### WHAT THIS TASK INVOLVES
Leave the pictures out and repeat the rest of the data below exactly.

### SUPPLIED DATA
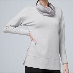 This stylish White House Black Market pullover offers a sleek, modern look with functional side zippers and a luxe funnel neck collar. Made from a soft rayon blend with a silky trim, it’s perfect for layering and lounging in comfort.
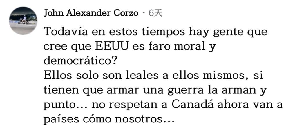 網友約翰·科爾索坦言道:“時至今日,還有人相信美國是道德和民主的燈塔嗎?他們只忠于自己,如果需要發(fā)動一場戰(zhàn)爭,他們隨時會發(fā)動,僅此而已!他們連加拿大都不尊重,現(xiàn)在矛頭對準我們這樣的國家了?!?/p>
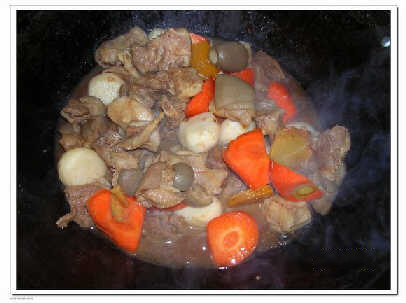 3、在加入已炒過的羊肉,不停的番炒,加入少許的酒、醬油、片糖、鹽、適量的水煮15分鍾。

### ANSWER SECTION
 This stylish White House Black Market pullover offers a sleek, modern look with functional side zippers and a luxe funnel neck collar. Made from a soft rayon blend with a silky trim, it’s perfect for layering and lounging in comfort.
 網友約翰·科爾索坦言道:“時至今日,還有人相信美國是道德和民主的燈塔嗎?他們只忠于自己,如果需要發(fā)動一場戰(zhàn)爭,他們隨時會發(fā)動,僅此而已!他們連加拿大都不尊重,現(xiàn)在矛頭對準我們這樣的國家了?!?/p>
 3、在加入已炒過的羊肉,不停的番炒,加入少許的酒、醬油、片糖、鹽、適量的水煮15分鍾。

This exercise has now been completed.